◆ DATA RECORDS ◆
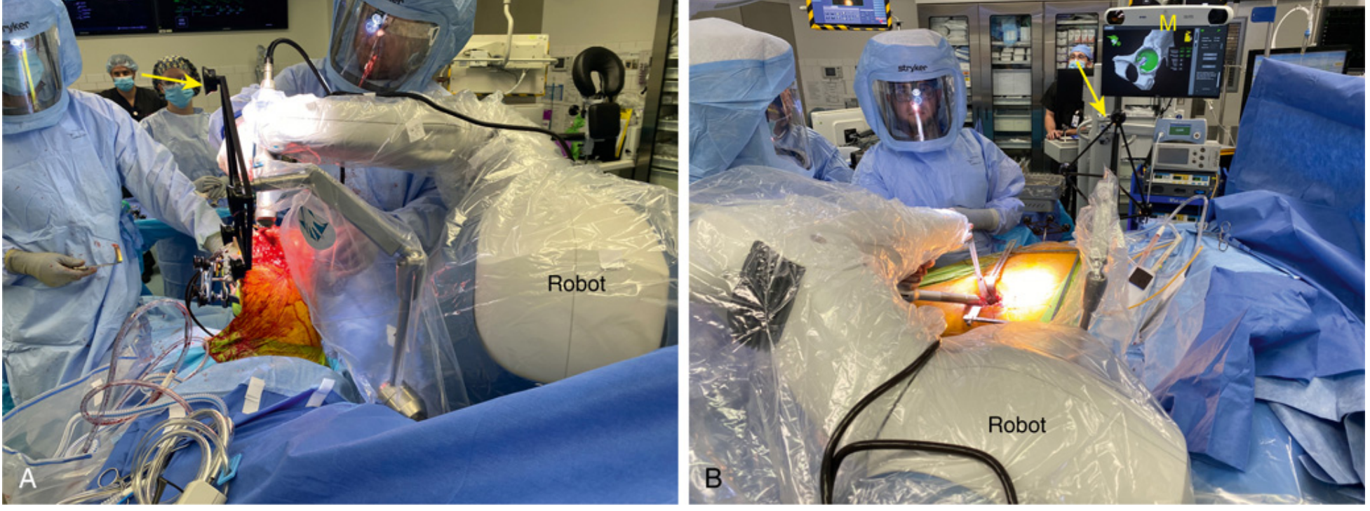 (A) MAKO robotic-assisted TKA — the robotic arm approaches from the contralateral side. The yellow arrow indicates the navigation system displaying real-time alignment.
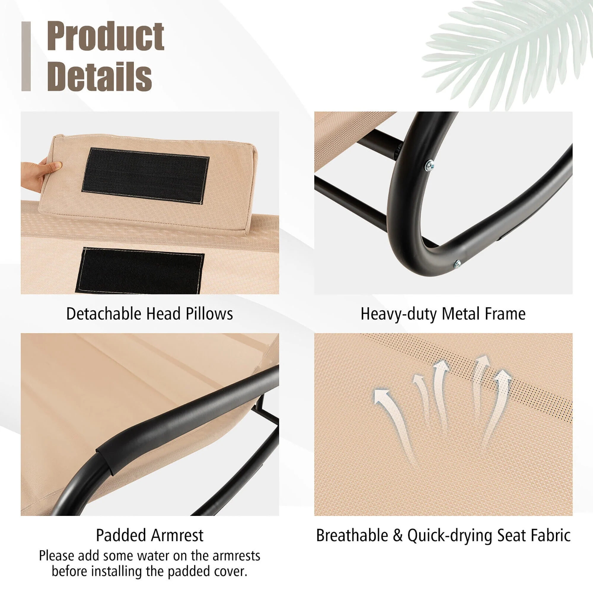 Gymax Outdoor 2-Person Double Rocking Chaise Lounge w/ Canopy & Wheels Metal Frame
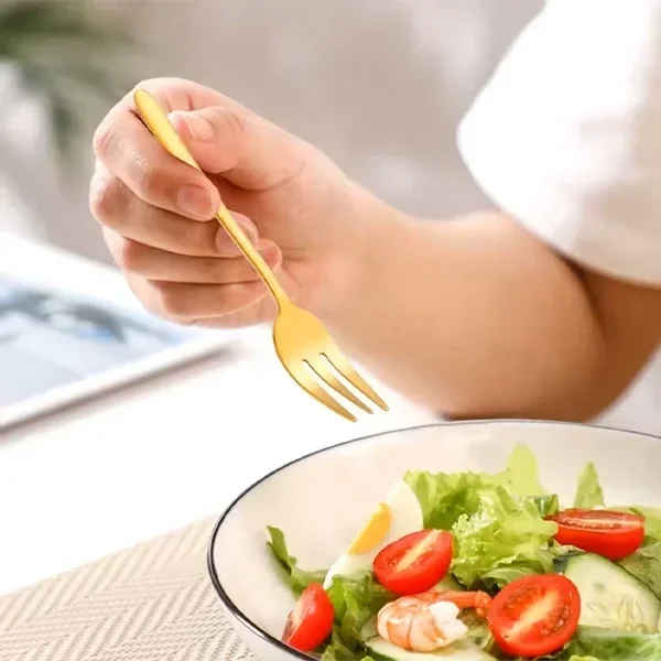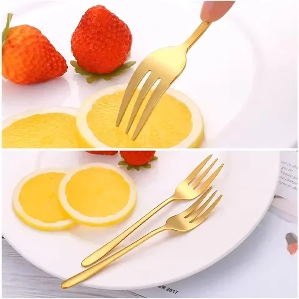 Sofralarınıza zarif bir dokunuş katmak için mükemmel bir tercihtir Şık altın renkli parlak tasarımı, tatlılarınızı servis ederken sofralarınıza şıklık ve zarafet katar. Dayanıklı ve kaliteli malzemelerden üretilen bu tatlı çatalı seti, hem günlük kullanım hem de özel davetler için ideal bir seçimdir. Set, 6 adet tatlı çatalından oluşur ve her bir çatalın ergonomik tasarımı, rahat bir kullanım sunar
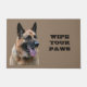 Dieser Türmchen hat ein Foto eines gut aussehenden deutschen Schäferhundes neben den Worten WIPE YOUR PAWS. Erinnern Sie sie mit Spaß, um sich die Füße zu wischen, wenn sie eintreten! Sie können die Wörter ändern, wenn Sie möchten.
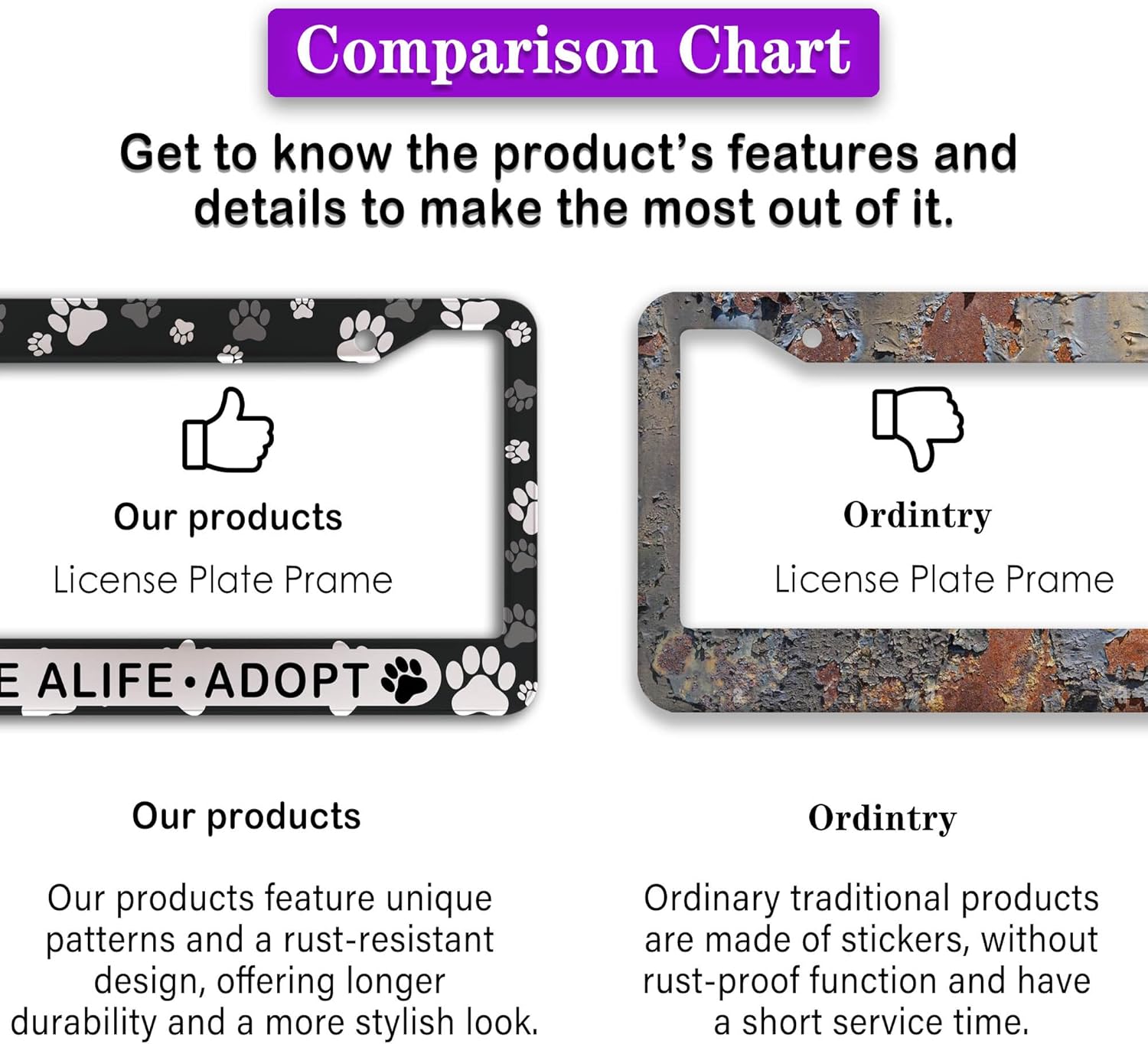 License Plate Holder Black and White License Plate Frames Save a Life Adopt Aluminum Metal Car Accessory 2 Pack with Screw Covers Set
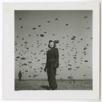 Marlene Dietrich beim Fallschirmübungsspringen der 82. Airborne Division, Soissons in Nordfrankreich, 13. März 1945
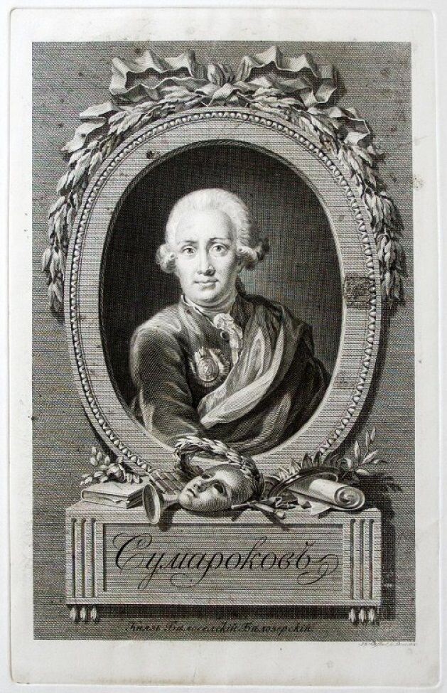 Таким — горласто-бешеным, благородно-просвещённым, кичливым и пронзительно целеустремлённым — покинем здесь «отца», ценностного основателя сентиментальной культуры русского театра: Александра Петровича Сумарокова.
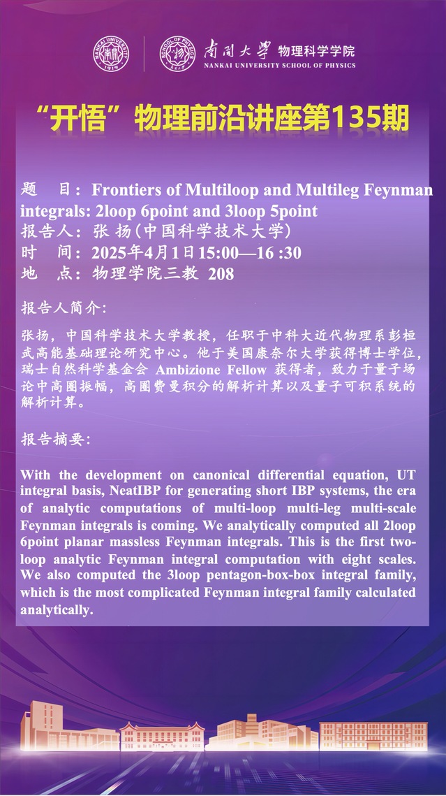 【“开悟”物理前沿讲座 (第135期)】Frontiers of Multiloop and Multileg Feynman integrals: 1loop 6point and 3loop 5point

◆ WORK TASK ◆
Would you reproduce, exactly and with nothing added, every line from the beginning of the entries above through the line that contains "Marlene Dietrich beim", both included, leaving out the pictures?

◆ RESPONSE TO THE TASK ◆
 (A) MAKO robotic-assisted TKA — the robotic arm approaches from the contralateral side. The yellow arrow indicates the navigation system displaying real-time alignment.
 Gymax Outdoor 2-Person Double Rocking Chaise Lounge w/ Canopy & Wheels Metal Frame
 Sofralarınıza zarif bir dokunuş katmak için mükemmel bir tercihtir Şık altın renkli parlak tasarımı, tatlılarınızı servis ederken sofralarınıza şıklık ve zarafet katar. Dayanıklı ve kaliteli malzemelerden üretilen bu tatlı çatalı seti, hem günlük kullanım hem de özel davetler için ideal bir seçimdir. Set, 6 adet tatlı çatalından oluşur ve her bir çatalın ergonomik tasarımı, rahat bir kullanım sunar
 Dieser Türmchen hat ein Foto eines gut aussehenden deutschen Schäferhundes neben den Worten WIPE YOUR PAWS. Erinnern Sie sie mit Spaß, um sich die Füße zu wischen, wenn sie eintreten! Sie können die Wörter ändern, wenn Sie möchten.
 License Plate Holder Black and White License Plate Frames Save a Life Adopt Aluminum Metal Car Accessory 2 Pack with Screw Covers Set
 Marlene Dietrich beim Fallschirmübungsspringen der 82. Airborne Division, Soissons in Nordfrankreich, 13. März 1945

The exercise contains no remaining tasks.